The ICA's new exhibition features the work of 16 ultra-hip - some would say painfully hip - architects and designers, all of whom are searching for `a new method and meaning' in design. Subtitled "British Design Now", the show presents a snapshot of cutting-edge aesthetics, and a chance for slowcoaches to get up to speed with the Wallpaper set. Although the organisers are careful to point out that "this is not a movement", the assembled objects do have things in common, most noticeably a willingness to use and reinterpret the detritus of modern life - supermarket trolleys, lottery tickets, flyposters, industrial and office bits and bobs - in ways that would surprise even Blue Peter viewers.
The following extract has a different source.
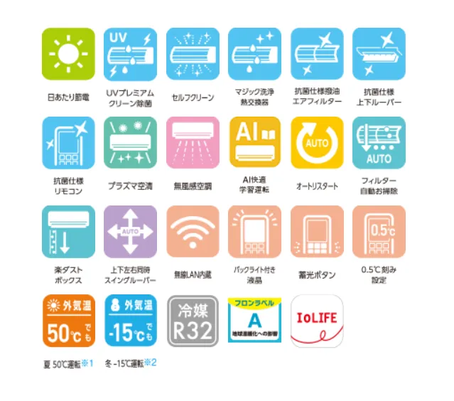 アプリ対応:専用アプリ「IoLIFE」を使って、エアコンの操作や温度・湿度の確認が可能です。

As curator Claire Catterall says, this is "essentially, just a load of old tat... yet somehow it's `lifted' to become something else, something new, something beautiful".

What They Say About It

"The whole show is engaging and playful, working a kind of magic on implausible materials. The beauty comes from the reinvention of familiar, inexpensive things" Annabel Freyberg, The Independent. "The message is that, with a bit of imagination, anyone can afford the best in cutting-edge design. Time to start saving those washing-up liquid bottles?" Martin Coomer, Time Out.

Where You Can See It

ICA, The Mall, London SW1 (0171-930 3647) to 23 May.